Material provided —
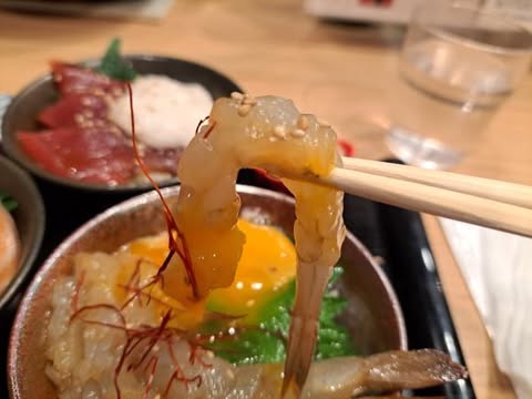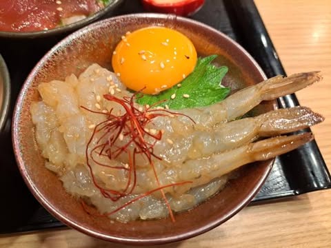 甘辛ユッケの味にエビの甘さとプリッとした弾力、さらに卵のトロっと濃厚な味が加わり、この海鮮丼の組み合わせはぜひ食べてもらいたい1品です。
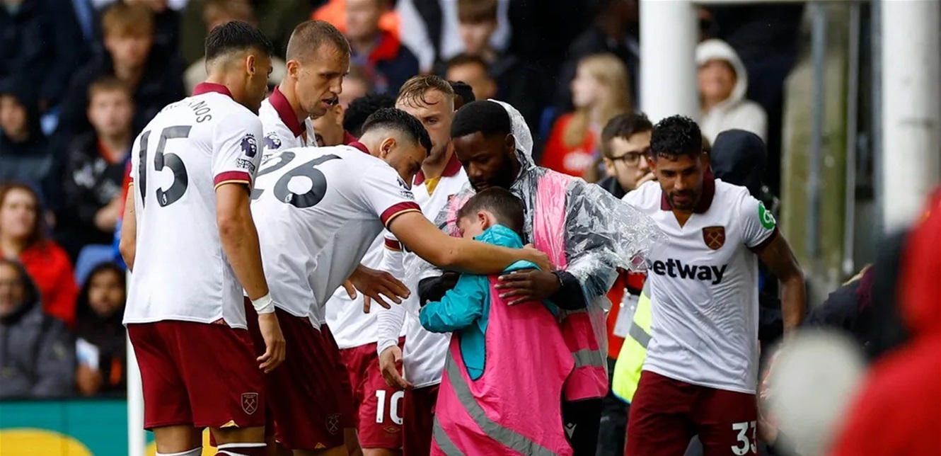 واضطر ثنائي فريق وست هام، توماش سوتشيك وجارود بوين، إلى التوقف عن احتفالهما بتسجيل هدف من أجل منع كارثة بإنقاذ صبي من حاملي الكرات سقطت فوقه شاشة إعلانات، في المباراة التي فاز فيها الفريق بهدفين نظيفين على كريستال بالاس.
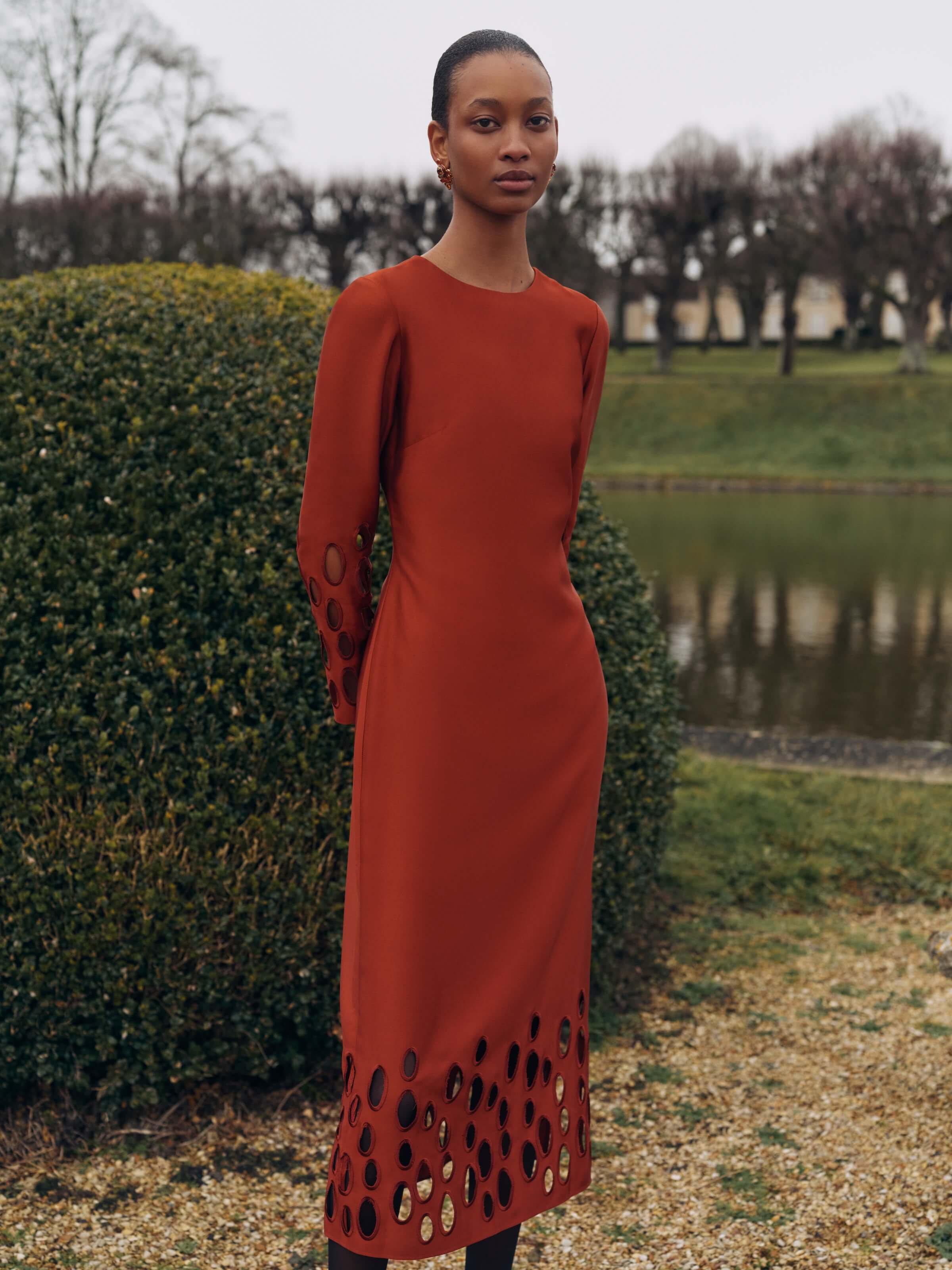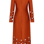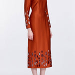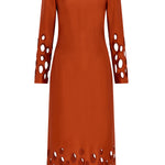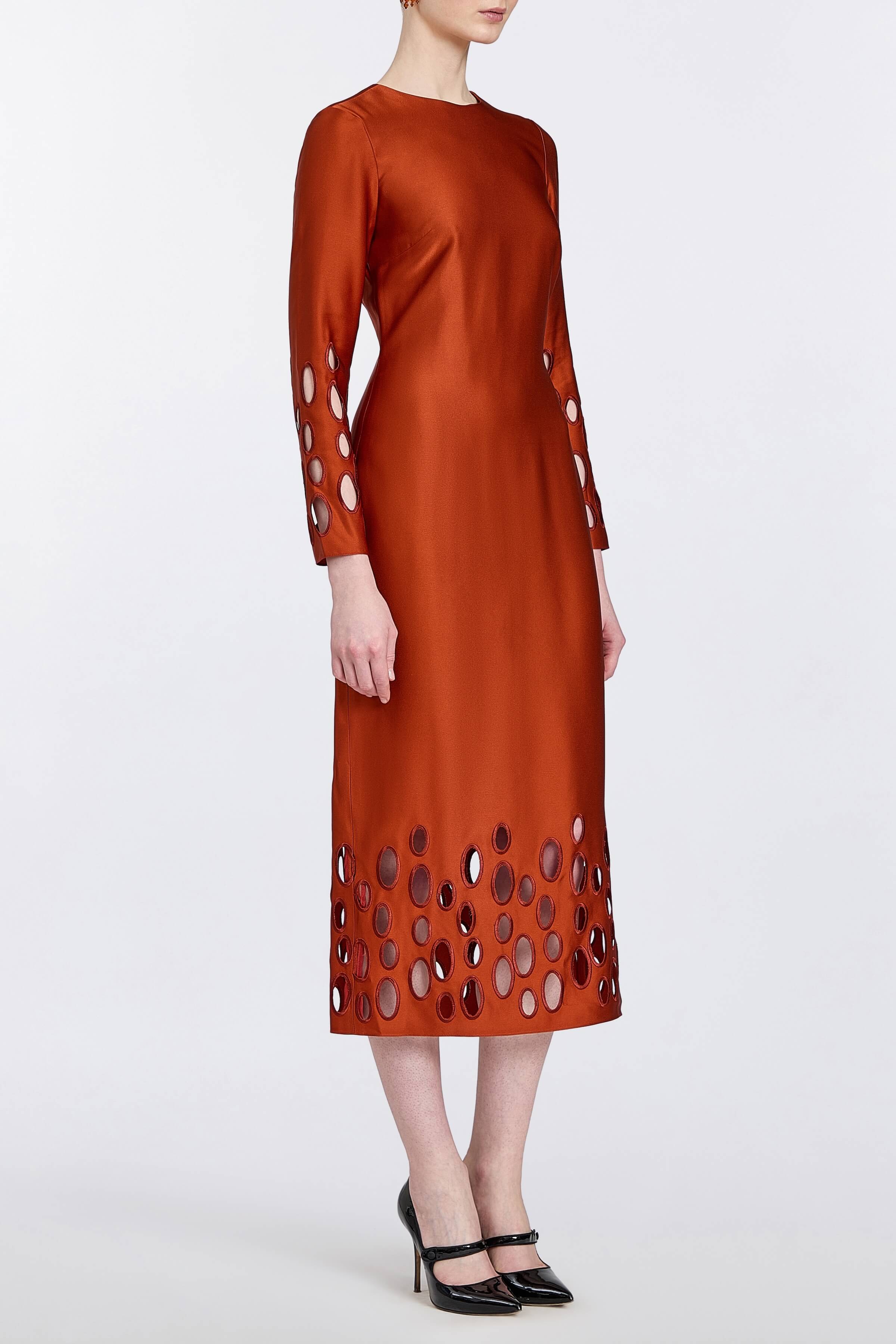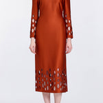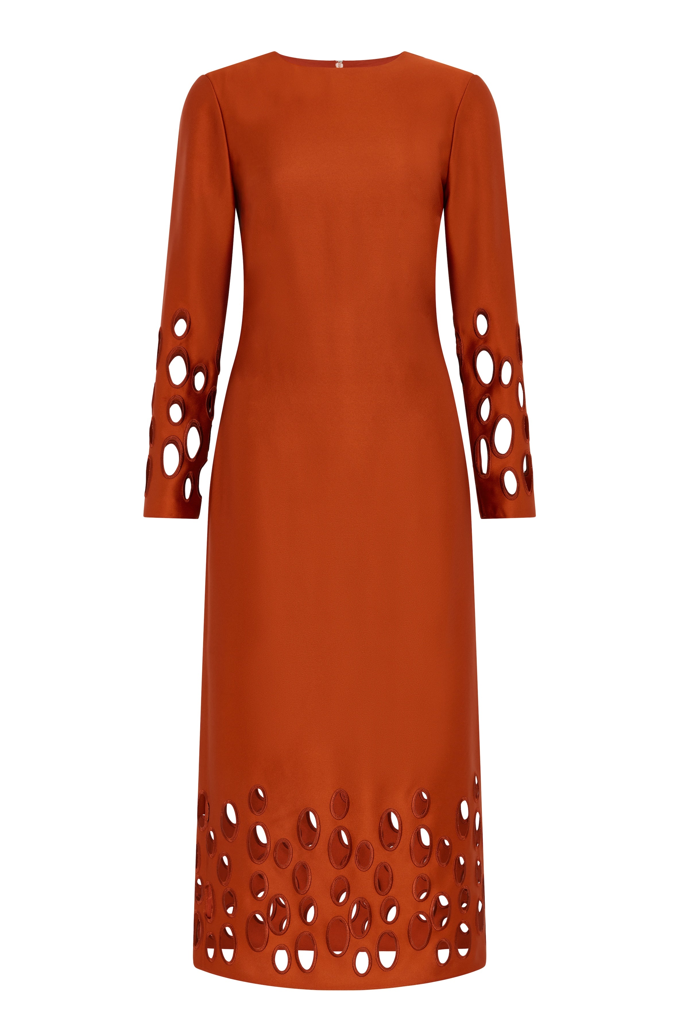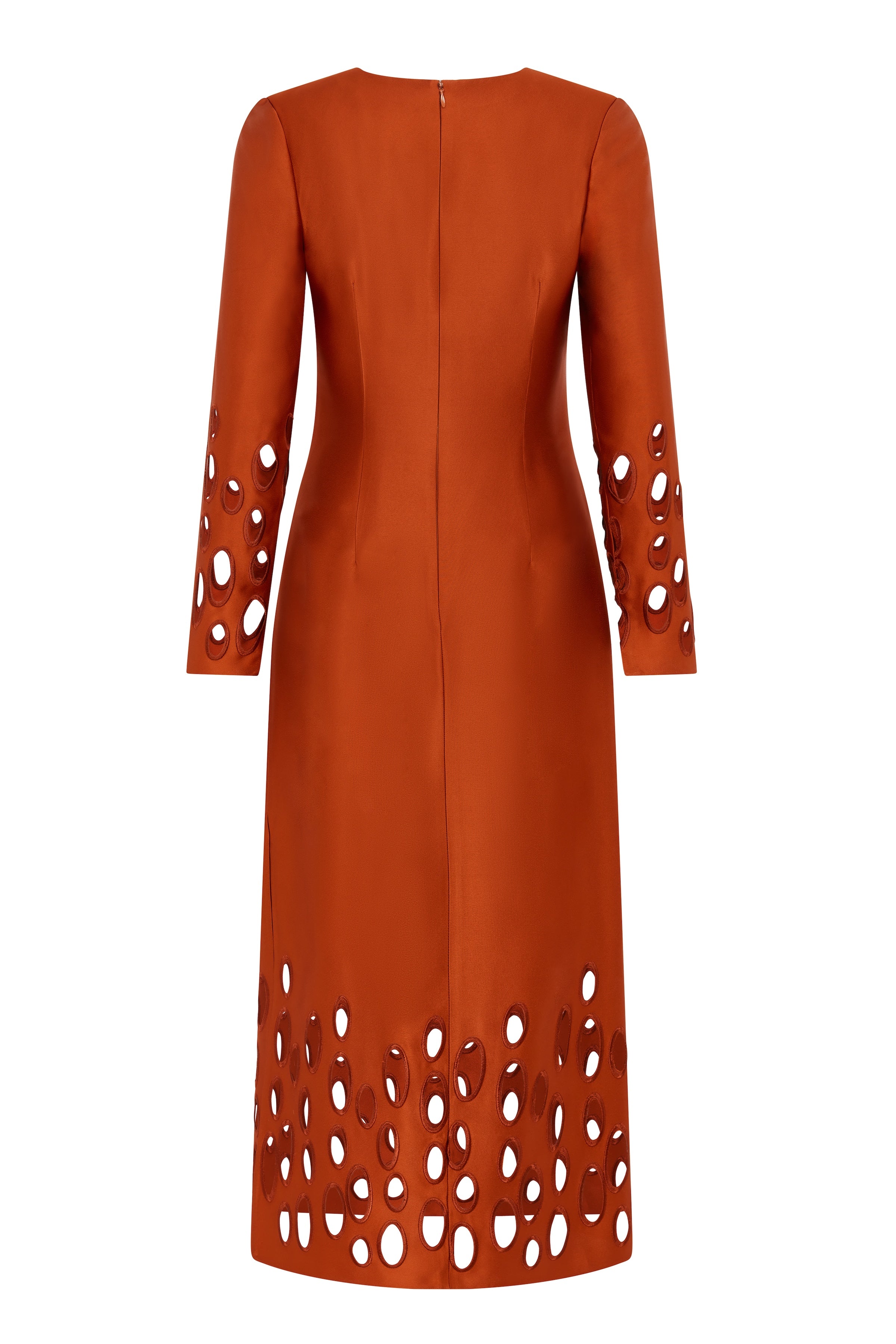 - Rust satin long sleeved midi dress with perforated hem and sleeve cuff, partially lined

Required work — Nothing but the lines from the one containing "واضطر ثنائي فريق" through the last line of the material may appear in the answer, transcribed exactly and with no pictures.

Reply —
 واضطر ثنائي فريق وست هام، توماش سوتشيك وجارود بوين، إلى التوقف عن احتفالهما بتسجيل هدف من أجل منع كارثة بإنقاذ صبي من حاملي الكرات سقطت فوقه شاشة إعلانات، في المباراة التي فاز فيها الفريق بهدفين نظيفين على كريستال بالاس.
 - Rust satin long sleeved midi dress with perforated hem and sleeve cuff, partially lined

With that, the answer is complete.